CINCINNATI - NewsChannel5's sister station WCPO has learned of an apparent data breach affecting some former customers of National City Bank, now with PNC in the Cincinnati area.

More than 100 customers have said they have found fraudulent charges on their debit cards.

Unexpected Withdrawals

Sandra Sanders is one of thousands of former National City customers now banking with PNC. She said the transition was going fine until this week, when she discovered two unexpected withdrawals on her old debit card.

She said "my husband was checking our account and found two unauthorized $25 debits to the March of Dimes."

Sandra said when they called the March of Dimes, she learned the money had not really gone to charity. She said "March of Dimes has confirmed they are not getting any of this, so they feel it's a scam, and we do, too, because we didn't authorize it."

Some charged more than $1,000

Other customers were hit harder.

  • Cynthia Suchoski emailed to say "there was a charge made yesterday at Macy's in Costa Mes, California for $1,300" on her old National City debit card.
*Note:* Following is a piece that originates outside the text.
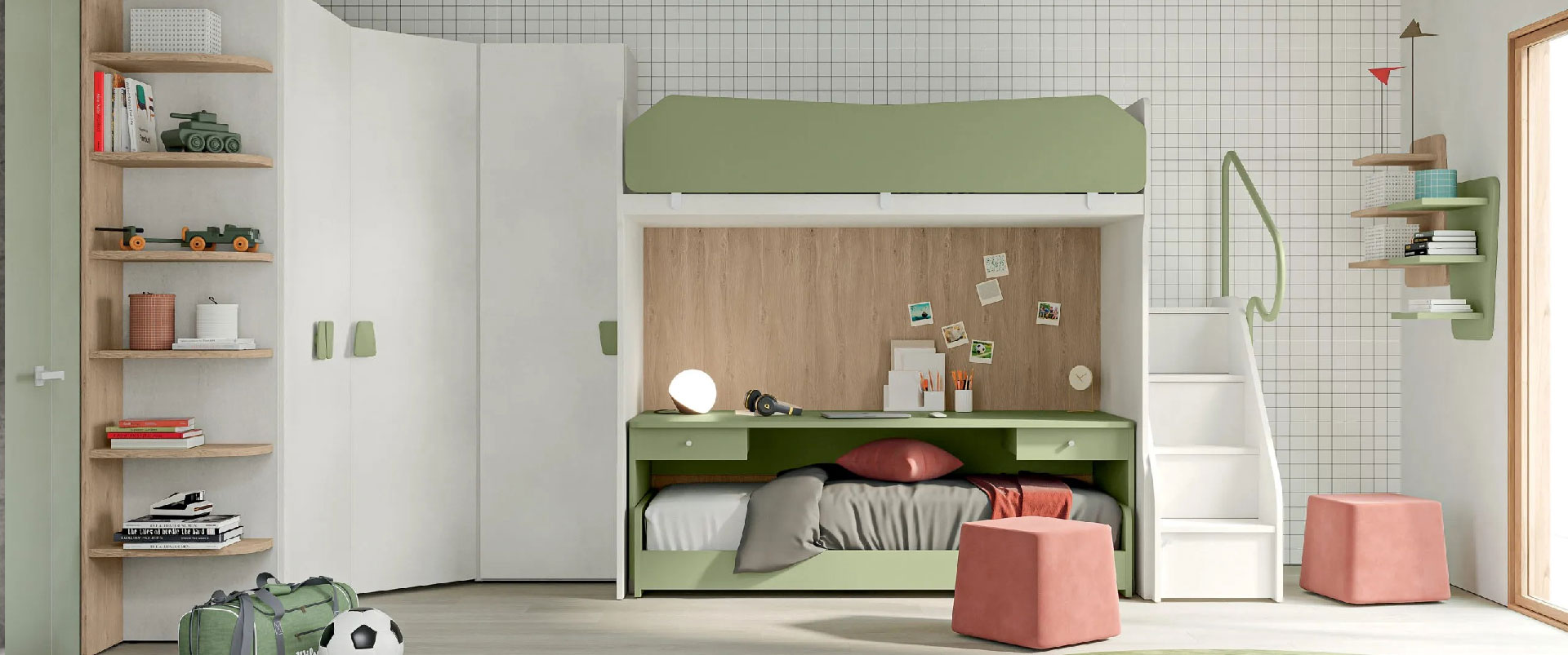 Decorare perfettamente le camerette con progetti articolati e polifunzionali. Svariate soluzioni moderne per trasformare la cameretta in un ambiente dove i piccoli avranno la possibilità di diventare grandi e riposare.

She was not in California.
  •  And another, who asked that we not use his name, emailed to say his PNC account "is more than $1,000 overdrawn," again, after unauthorized charges in california.
  • A fourth viewer reported another series of unauthorized charges, supposedly from March of Dimes.
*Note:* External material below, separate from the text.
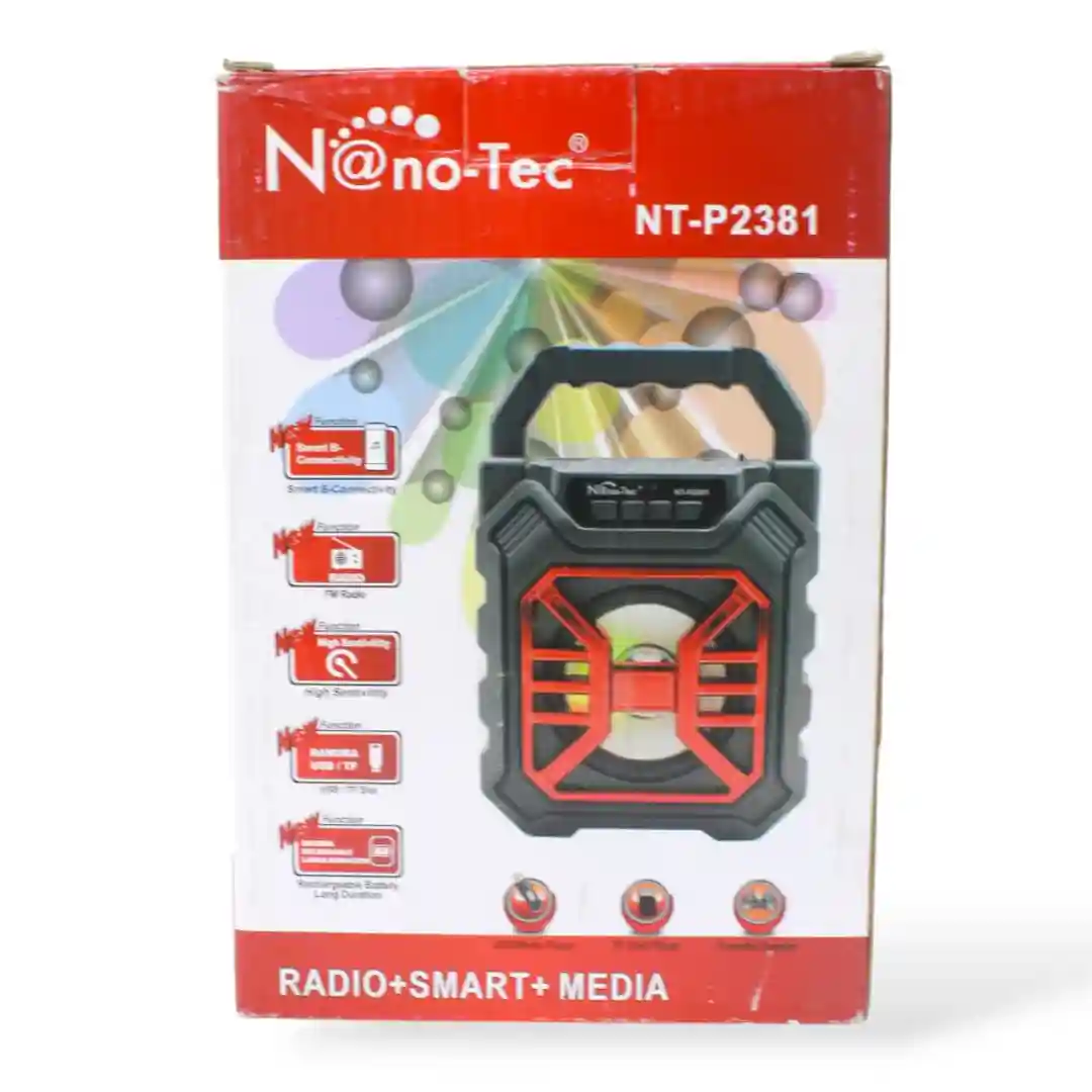 El Parlante Portátil Nanotec NT-P2381 es un dispositivo de audio compacto y potente diseñado para la venta al por mayor. Su diseño robusto en color negro con una llamativa rejilla frontal en rojo y luces LED lo hace visualmente atractivo para el mercado de consumo. Este parlante no solo ofrece conectividad Bluetooth inteligente, sino que también integra funciones de radio FM y la capacidad de reproducir música desde memorias USB y tarjetas TF, lo que lo convierte en un producto multifuncional con un amplio público objetivo.

Fred Solomon of PNC bank in Pittsburgh said he believes the breach is confined primarily to the Cincinnati area, as that is where they are getting most of their complaints. He feels only a few customers elsewhere in Ohio were affected.

He said the data breach had nothing to do with the PNC takeover. The company believes the account numbers were stolen in 2008 or 2009 from National City, but that the thieves only began using them the past couple of weeks.

"We will work with individual customers to address their concerns. No PNC customer will pay in a case of proven fraud."

What You Can Do

PNC said anyone who notices any problem with their account should call their customer service number immediately.

That also means you should check your balance as soon as possible, and every day for the next few days just to be safe.